Au petit déjeuner, il nous fut remis nos emplois du temps pour le reste de l'année. Je commençais la journée à 8 heures par deux heures de potions en commun avec les PigeonDor. Merveilleux.
N'ayant pas pu pratiquer les potions pendant l'été, j'étais tout de même curieux sur la pratique de cette matière mais je resta en admiration devant le petit monologue de Snape. Les potions semblaient avoir une infinité de possibilité dans leurs utilisations, que ce soit guérir ou tuer, contrôler un corps ou esprit, faire pousser une plante ou rendre chanceux, et ce n'était encore que le début. J'ai lu que les grands potionnistes pouvaient se consacrer à la recherche pour soit améliorer les potions existantes soit en créer de nouvelles, élargissant ainsi toujours plus la gamme des possibles.

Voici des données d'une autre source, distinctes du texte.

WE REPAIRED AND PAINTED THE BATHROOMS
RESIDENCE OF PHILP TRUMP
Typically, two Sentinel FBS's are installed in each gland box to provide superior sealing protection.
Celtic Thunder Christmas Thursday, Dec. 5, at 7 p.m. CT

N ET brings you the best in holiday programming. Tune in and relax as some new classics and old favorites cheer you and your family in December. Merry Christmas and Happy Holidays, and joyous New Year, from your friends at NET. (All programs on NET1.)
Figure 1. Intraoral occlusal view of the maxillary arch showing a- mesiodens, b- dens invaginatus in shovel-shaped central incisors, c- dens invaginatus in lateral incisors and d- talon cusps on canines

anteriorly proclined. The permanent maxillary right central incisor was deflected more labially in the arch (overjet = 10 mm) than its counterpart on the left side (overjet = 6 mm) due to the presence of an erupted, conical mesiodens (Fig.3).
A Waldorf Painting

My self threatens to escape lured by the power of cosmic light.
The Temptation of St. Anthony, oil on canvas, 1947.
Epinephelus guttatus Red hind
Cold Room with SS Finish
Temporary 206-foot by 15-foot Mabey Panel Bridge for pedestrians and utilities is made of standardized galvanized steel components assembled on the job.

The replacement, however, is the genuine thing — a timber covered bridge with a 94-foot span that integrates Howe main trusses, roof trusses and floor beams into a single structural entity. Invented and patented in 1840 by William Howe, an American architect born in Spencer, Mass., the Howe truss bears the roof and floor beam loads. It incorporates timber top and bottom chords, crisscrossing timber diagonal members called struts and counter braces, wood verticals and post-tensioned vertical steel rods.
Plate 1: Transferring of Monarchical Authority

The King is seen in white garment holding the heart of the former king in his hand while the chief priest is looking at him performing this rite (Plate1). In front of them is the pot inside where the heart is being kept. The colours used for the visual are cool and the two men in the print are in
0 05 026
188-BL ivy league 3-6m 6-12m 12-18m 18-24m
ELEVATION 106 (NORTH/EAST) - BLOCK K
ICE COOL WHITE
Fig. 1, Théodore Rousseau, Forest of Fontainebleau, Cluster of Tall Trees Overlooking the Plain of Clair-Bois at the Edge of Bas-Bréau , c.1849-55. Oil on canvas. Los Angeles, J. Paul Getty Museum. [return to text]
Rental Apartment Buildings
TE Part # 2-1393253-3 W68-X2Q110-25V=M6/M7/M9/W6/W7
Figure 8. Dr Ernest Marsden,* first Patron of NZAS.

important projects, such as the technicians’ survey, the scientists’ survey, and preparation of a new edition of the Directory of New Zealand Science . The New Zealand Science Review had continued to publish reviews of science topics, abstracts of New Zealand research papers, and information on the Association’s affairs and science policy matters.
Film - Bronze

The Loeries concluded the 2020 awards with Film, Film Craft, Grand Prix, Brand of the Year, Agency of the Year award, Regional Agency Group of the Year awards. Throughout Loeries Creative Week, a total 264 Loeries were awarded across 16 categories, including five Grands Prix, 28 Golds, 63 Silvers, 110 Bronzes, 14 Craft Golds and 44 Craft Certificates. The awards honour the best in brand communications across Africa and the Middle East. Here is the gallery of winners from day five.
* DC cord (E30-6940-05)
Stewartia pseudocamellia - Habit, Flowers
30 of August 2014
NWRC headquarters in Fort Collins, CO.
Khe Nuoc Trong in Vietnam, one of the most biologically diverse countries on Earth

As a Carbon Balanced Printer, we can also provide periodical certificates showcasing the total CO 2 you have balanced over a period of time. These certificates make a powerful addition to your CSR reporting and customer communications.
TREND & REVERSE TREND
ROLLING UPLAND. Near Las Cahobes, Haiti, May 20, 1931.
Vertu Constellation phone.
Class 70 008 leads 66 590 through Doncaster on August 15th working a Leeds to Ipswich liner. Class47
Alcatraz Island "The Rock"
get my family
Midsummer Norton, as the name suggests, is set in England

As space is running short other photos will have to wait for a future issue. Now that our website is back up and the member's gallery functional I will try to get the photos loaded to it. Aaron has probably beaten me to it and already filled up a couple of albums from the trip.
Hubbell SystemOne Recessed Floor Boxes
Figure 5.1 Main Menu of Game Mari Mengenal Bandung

Malgré son commentaire que je trouva légèrement déplacé sur ma 'célébrité' et les évidentes questions destinées à m'humilier, bien que j'y répondis parfaitement, le cours se passa plutôt bien, je réussis ma première potion avec un brin de fierté. Un chaudron explosa chez les Griffons qui perdirent plus de point qu'ils en avez déjà.
Je ne pouvais pas en dire autant de bien des cours d'histoire de la magie. Le programme de toute l'année ne portait que sur un sujet : les guerres et révolutions gobelines. Le fantôme que nous l'enseigner prenait, de mon avis, un malin plaisir à parler de la voix la plus monotone et soporifique qu'il pouvait. Même Mort, s'assoupit dans son coin après seulement quelques minutes de cours. Ce qui était plutôt comique à voir, la grande Mort flottant comme à son habitude dans les aires, la tête dodelinant d'avant en arrière combattant vainement le sommeil provoqué par le demi fantôme. J'eus droit à quelques regards de la part de quelques personnes, sûrement me croyaient-ils fou pour sourire tout seul en fixant un coin vide de la pièce.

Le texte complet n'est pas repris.